▶ **What needs to be done**
With pictures left out, extract every line between the start of the records below and the line holding "近年來,甘肅省臨夏回族自治州", inclusive.

Top of Data in this exercise

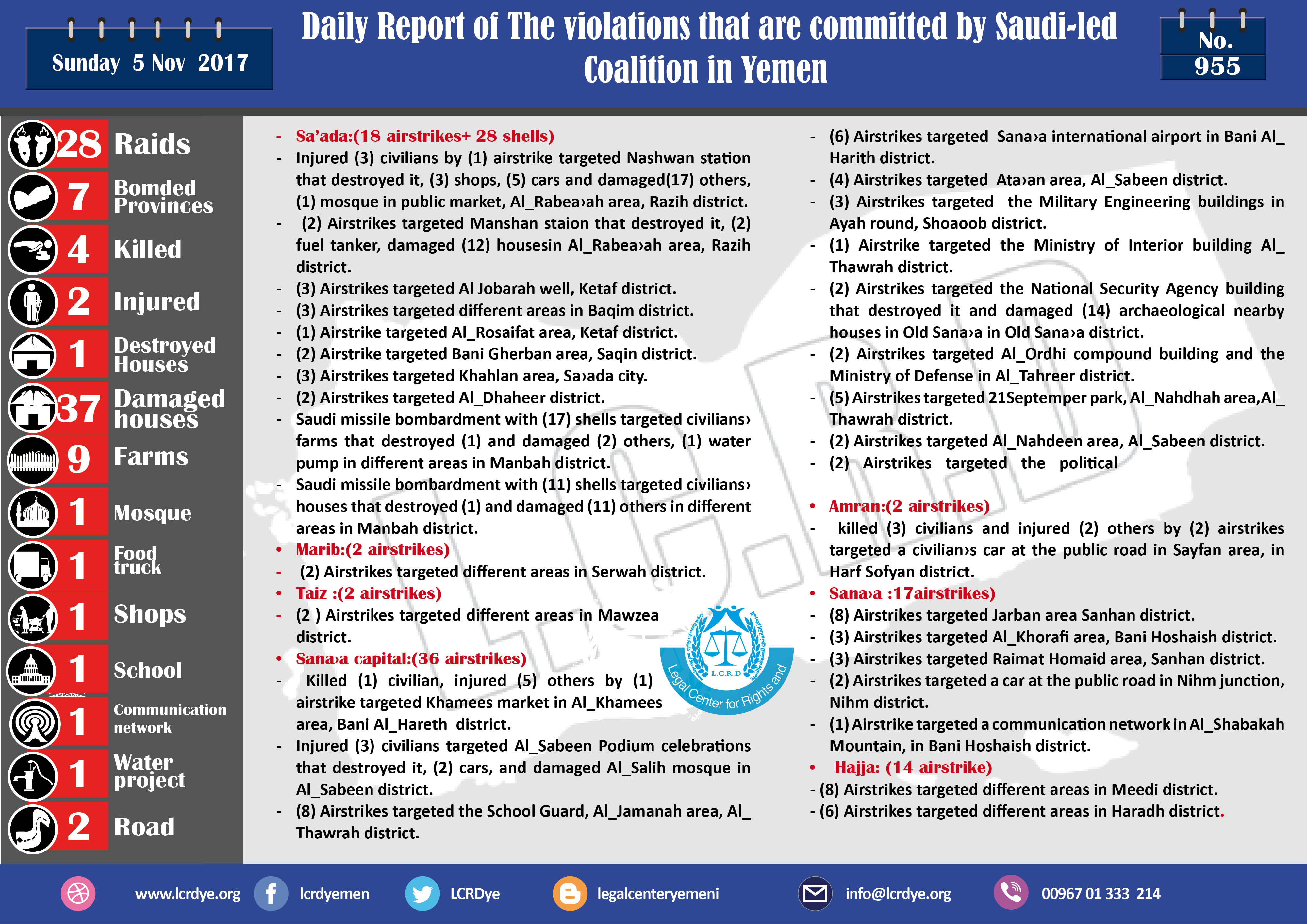 The Violation and Crimes that are committed by the Saudi Arabia and its collation in 5_11_2017 Share legal center for right and developmentSaudi coalition Crimestargeted facilitiesTargeting civiliansTargeting InfrastructureYemen Share FacebookTwitterGoogle+ReddItWhatsAppPinterestEmail
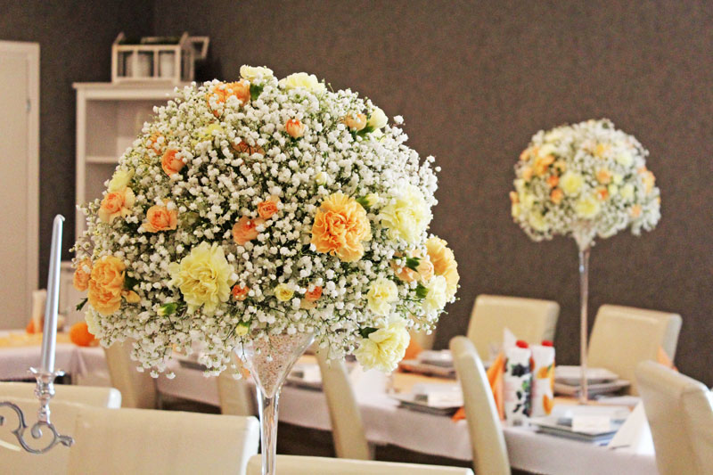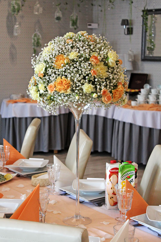Dekoracja sali weselnej to dekoracja wieńcząca Dzień Ślubu. Kwiaty na stole przed Nowożeńcami, kwiaty na stołach Gości weselnych, kwiaty wszędzie tam, gdzie nasze oczy...
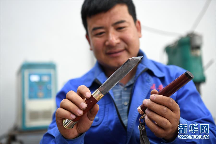 近年來,甘肅省臨夏回族自治州積石山縣通過建設保安腰刀鍛制技藝扶貧車間和工藝坊等形式,積極發(fā)展特色非遺經(jīng)濟,讓貧困群眾通過鍛制腰刀,傳承保護傳統(tǒng)技藝,拓寬收入渠道,助力脫貧致富。
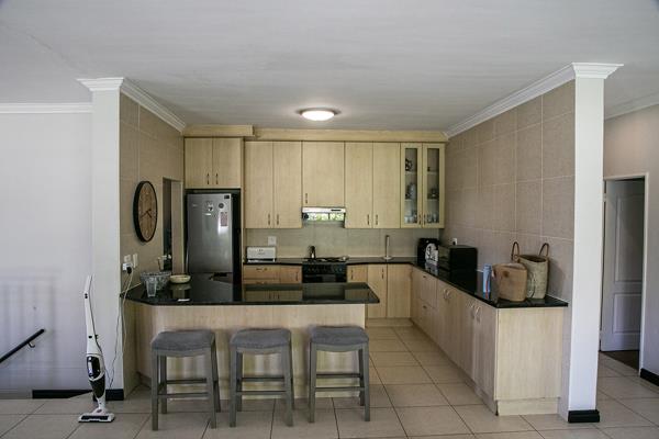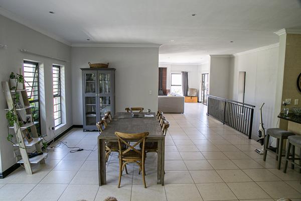 Walk past the front door and you will find the dining room area on your right and the kitchen on your left. The scullery has two water points for machines and a double basin. The foyer also offers stairs leading to the double garage.
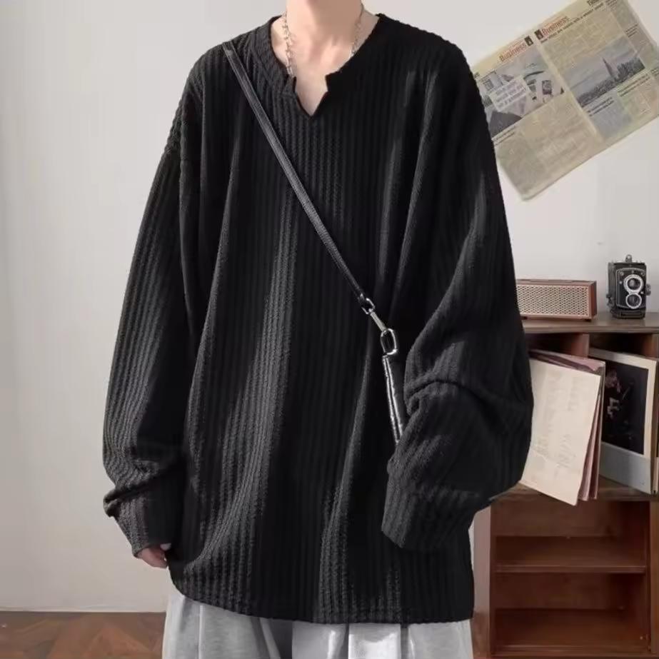 Spring Autumn Streetwear T-shirt for Men Hip Hop Baggy Tops Casual Solid Color Male Loose Long Sleeve Tees
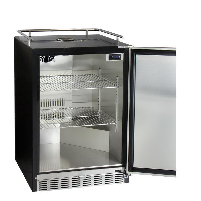 This sleek kegerator, standing at 34-1/8 inches in height and 24 inches in width, offers optimal beer storage and dispensing solutions. Weighing 115 pounds, it accommodates various keg sizes: one full-size / 1/2-barrel, two 1/4-barrel slims, three 1/6-barrels, or three 5-gallon ball/pin lock kegs. Its black exterior cabinet with stainless steel accents, along with a stainless steel door featuring a towel bar and curved handle, adds a touch of sophistication. Equipped with two faucets on a stainless steel draft beer tower, this kegerator comes with a range of accessories including a keg coupler, double gauge regulator, CO2 tank, and deluxe cleaning kit. With an automatic defrost system, adjustable thermostat, and digital controls, this kegerator ensures a seamless beer dispensing experience while being suitable for built-in use, offering a year warranty on labor and parts and a 5-year warranty on the compressor.
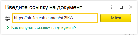 При выборе команды Загрузить документ по ссылке в разделах командного интерфейса Закупки или Продажи открывается форма, в которую нужно вставить ссылку и выполнить команду Найти.
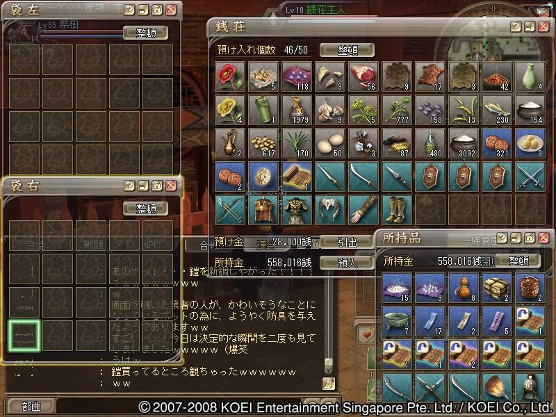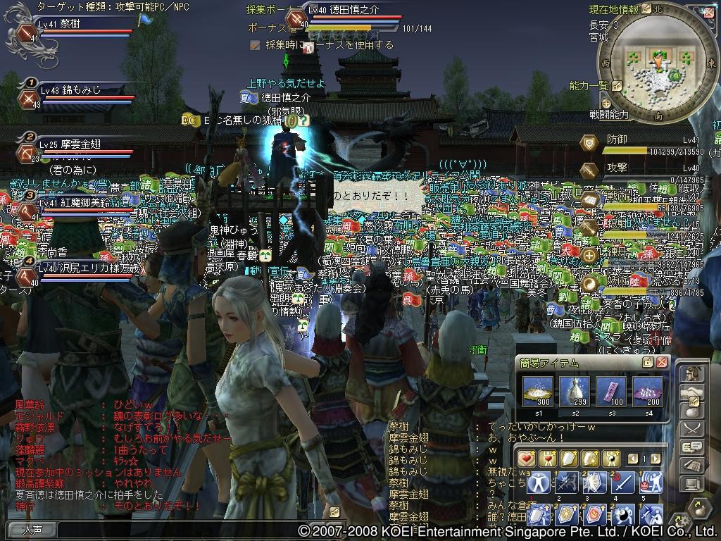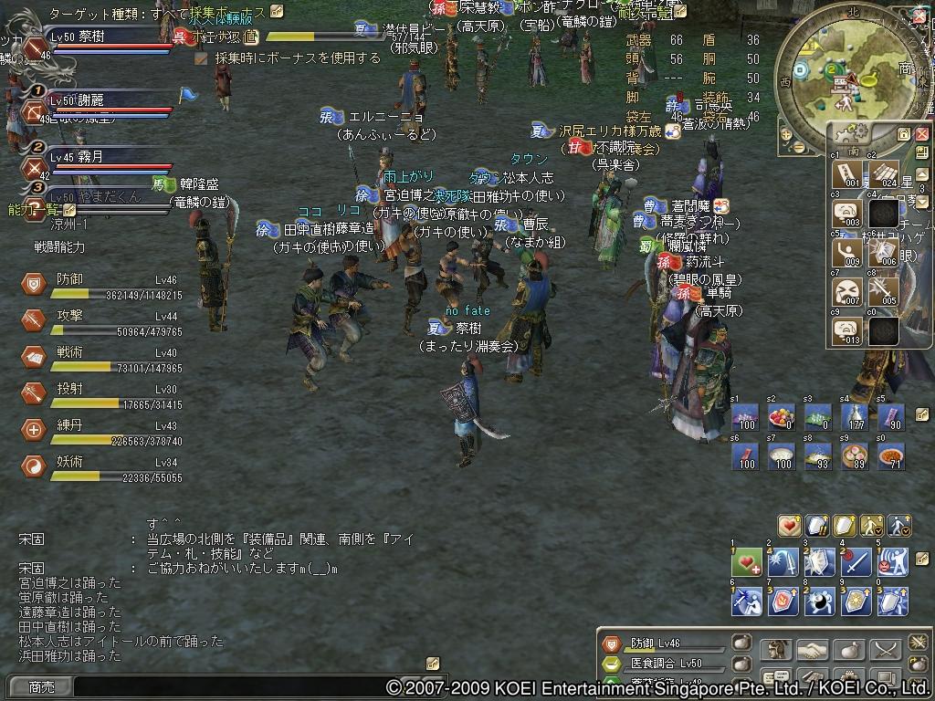 合戦、部曲戦、闘技、PD攻略、狩り、生産。そしてチャット。
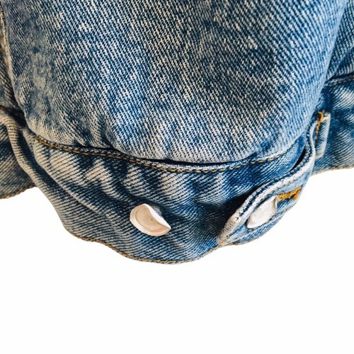 The short length and regular fit of the jacket make it suitable for both casual and workwear occasions. The blue denim fabric type and solid pattern give it a timeless look, and its size L fits most men. This jacket is machine washable for easy care. Get ready to stay warm and look stylish with this vintage Lee jacket! There is distressing around the bottom of the sleeves as shown, also there is some stains near the front bottom and small white paint marks throughout as shown also, on the jacket. Lastly, there are a few buttons missing. Please refer to all pictures as this is a timeless classic with a rugged grunge look that is awesome!
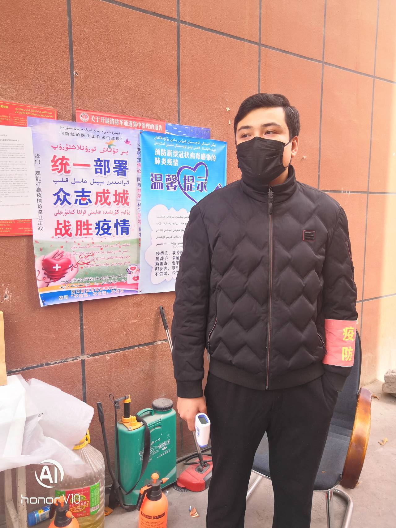 日语182班的艾力喀木江.艾尔肯主动请缨加入防控疫情的志愿者队伍,为坚决遏制疫情扩散、夺取防控斗争胜利贡献力量。他主要负责每天在社区值班监督居民们的外出情况、佩戴口罩情况、给他们量体温做好记录工作,以及给隔离户家庭购买生活用品以及蔬菜水果。他说,自己很骄傲能参与到疫情防控工作中,小区防疫志愿者队伍都是一个个平凡的人,却用行动书写着大大的“不平凡”。相信,在政府的坚强领导下,一线战士的忘我战斗下,热血志愿者的参与下,广大人民群众的响应下,我们一定能够打赢这场疫情防控的战役!胜利的曙光一定会属于我们!
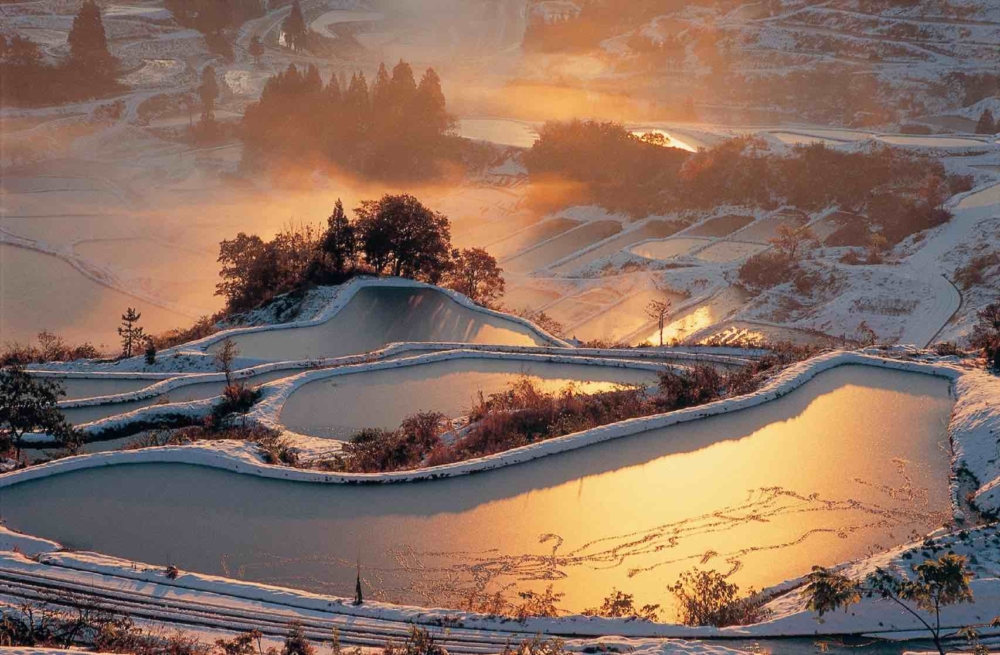 Hoshitoge Rice Terraces at Tokamachi, Miyagi Prefecture is a photogenic rice field that is known for its tiered, rolling terraces and slopes that sits along the Japanese countryside. Throughout the four seasons, the scenery is beautiful, but even more extravagant during the winter months where the snow makeup is spread out across the fields especially with the reflection of sunlight, offering a landscape that appears like a fairytale town! It’s breathtaking scenery will leave you in awe and amazement!
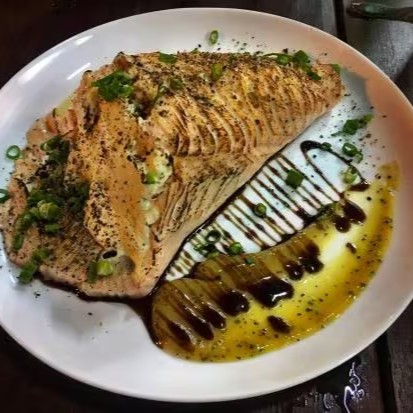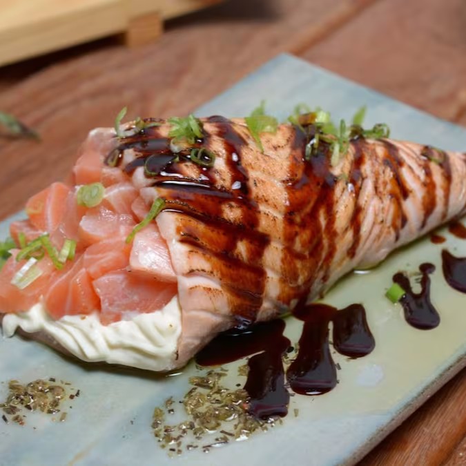 300g lamina de salmao flambada, com recheio de salmão grelhado

Bottom of Data in this exercise

▶ **Answer to this task**
 The Violation and Crimes that are committed by the Saudi Arabia and its collation in 5_11_2017 Share legal center for right and developmentSaudi coalition Crimestargeted facilitiesTargeting civiliansTargeting InfrastructureYemen Share FacebookTwitterGoogle+ReddItWhatsAppPinterestEmail
Dekoracja sali weselnej to dekoracja wieńcząca Dzień Ślubu. Kwiaty na stole przed Nowożeńcami, kwiaty na stołach Gości weselnych, kwiaty wszędzie tam, gdzie nasze oczy...
 近年來,甘肅省臨夏回族自治州積石山縣通過建設保安腰刀鍛制技藝扶貧車間和工藝坊等形式,積極發(fā)展特色非遺經(jīng)濟,讓貧困群眾通過鍛制腰刀,傳承保護傳統(tǒng)技藝,拓寬收入渠道,助力脫貧致富。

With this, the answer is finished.